Before CANBY, KOZINSKI and FERNANDEZ, Circuit Judges.

MEMORANDUM**

Commonwealth Enterprises appeals the district court's denial of its application to confirm an arbitration award. The district court held that the Federal Arbitration Act, 9 U.S.C. § 1-14 (1988) ("FAA"), applies to the parties' arbitration agreement. It further held that the FAA does not provide for confirmation of this award because the parties did not agree that a judgment of a court would be entered upon the award. We affirm.

I. Does the FAA Apply to the Arbitration Agreement?

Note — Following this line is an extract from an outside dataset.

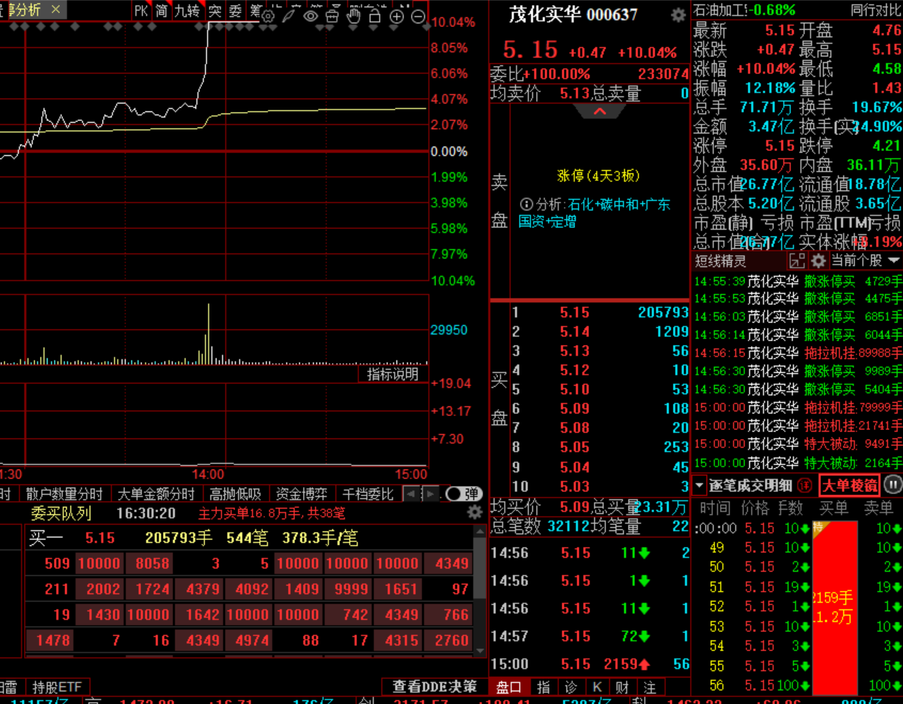 24日 茂化实华 壮观收盘,周一如何开盘乃走势?
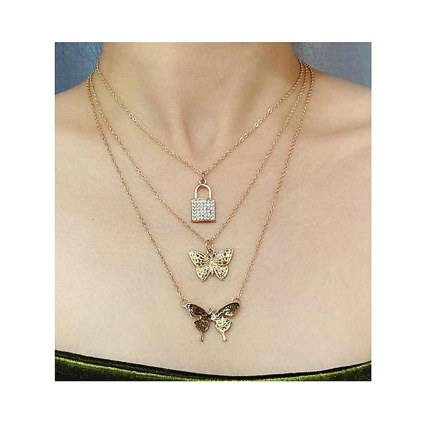 Charm Butterfly Alloy Parts Golden Plated Multi Strand Chains Necklace

Liberty Mutual argues that the district court was correct in concluding that the FAA applies, because it covers "[a] written provision in ... a contract evidencing a transaction involving commerce ... or an agreement in writing to submit to arbitration an existing controversy arising out of such a contract." 9 U.S.C. § 2. We agree. The arbitration agreement between Commonwealth and Liberty Mutual clearly falls within this description, as it is an agreement to submit to arbitration the dispute over the insurance contract.

Because the contract comes within the scope of the FAA, federal law governs all questions of its construction and enforceability. The FAA "creates 'a body of federal substantive law of arbitrability,' enforceable in both state and federal courts and preempting any state laws or policies to the contrary." Cohen v. Wedbush, Noble, Cooke, Inc., 841 F.2d 282, 285 (9th Cir.1985) (quoting Moses H. Cone Memorial Hospital v. Mercury Construction Corp., 460 U.S. 1, 24 (1983)).

None of Commonwealth's three arguments against application of the FAA is supported by either the FAA or cases construing it. With respect to Commonwealth's first argument, Commonwealth is able to cite no cases holding that an insurance contract is not a "transaction involving commerce," 9 U.S.C. § 2, and there appear to be none. Every court faced with the application of the FAA to an insurance contract has concluded that the FAA does apply. See, e.g., Hart v. Orion Insurance Co., 453 F.2d 1358, 1360 (10th Cir.1971); Nationwide Mutual Insurance Co. v. Patterson, No. 89-8796, 1991 WL 96677, at * 2 1991 U.S.Dist. LEXIS 7460, at * 5 (E.D.Pa. May 28, 1991). In this case, the district court found that, because Liberty Mutual and Commonwealth were domiciled in Massachusetts and California, respectively, the insurance contract satisfies the interstate commerce requirement of the FAA.1 We accept the district court's reasoni ng.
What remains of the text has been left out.